Work task:
Would you write out the full listing exactly, without any pictures?

Raw data:
--------------------------------

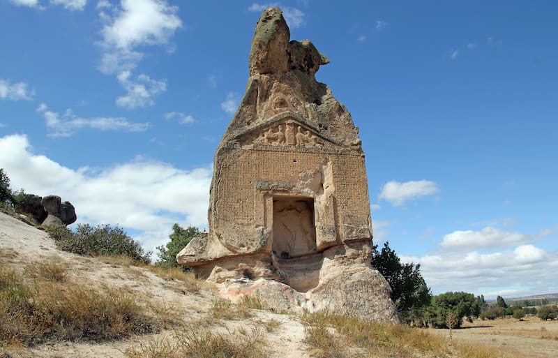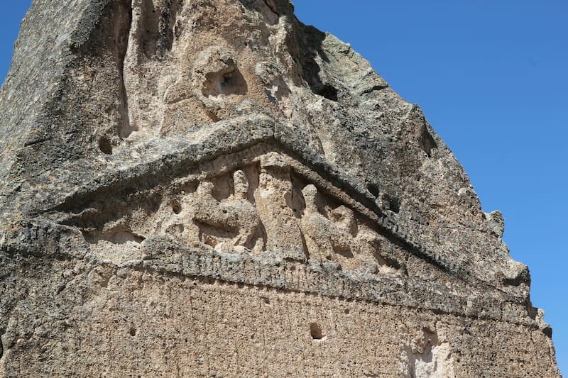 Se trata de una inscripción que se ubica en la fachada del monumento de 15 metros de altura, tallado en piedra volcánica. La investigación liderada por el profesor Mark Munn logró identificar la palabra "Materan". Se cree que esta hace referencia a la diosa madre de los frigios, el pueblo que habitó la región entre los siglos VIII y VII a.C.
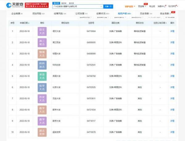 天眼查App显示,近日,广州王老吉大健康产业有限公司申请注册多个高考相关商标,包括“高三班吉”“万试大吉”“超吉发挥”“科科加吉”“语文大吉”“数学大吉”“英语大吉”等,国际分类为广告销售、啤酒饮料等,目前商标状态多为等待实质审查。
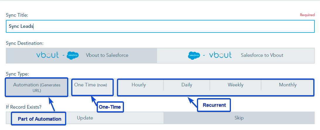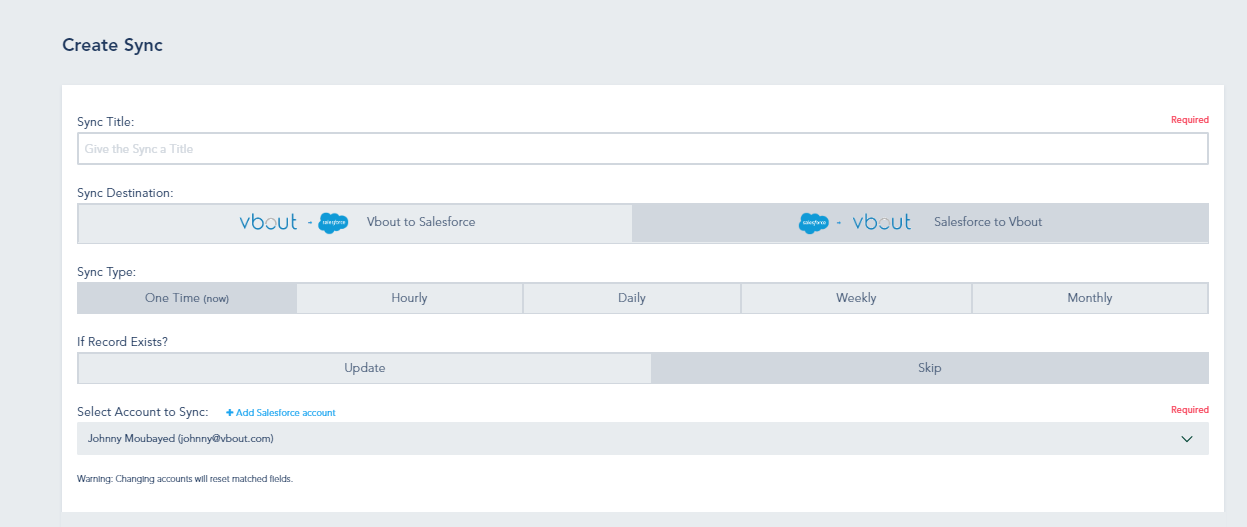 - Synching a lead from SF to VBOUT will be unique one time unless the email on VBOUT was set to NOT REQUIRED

--------------------------------

Task answer:
 Se trata de una inscripción que se ubica en la fachada del monumento de 15 metros de altura, tallado en piedra volcánica. La investigación liderada por el profesor Mark Munn logró identificar la palabra "Materan". Se cree que esta hace referencia a la diosa madre de los frigios, el pueblo que habitó la región entre los siglos VIII y VII a.C.
 天眼查App显示,近日,广州王老吉大健康产业有限公司申请注册多个高考相关商标,包括“高三班吉”“万试大吉”“超吉发挥”“科科加吉”“语文大吉”“数学大吉”“英语大吉”等,国际分类为广告销售、啤酒饮料等,目前商标状态多为等待实质审查。
 - Synching a lead from SF to VBOUT will be unique one time unless the email on VBOUT was set to NOT REQUIRED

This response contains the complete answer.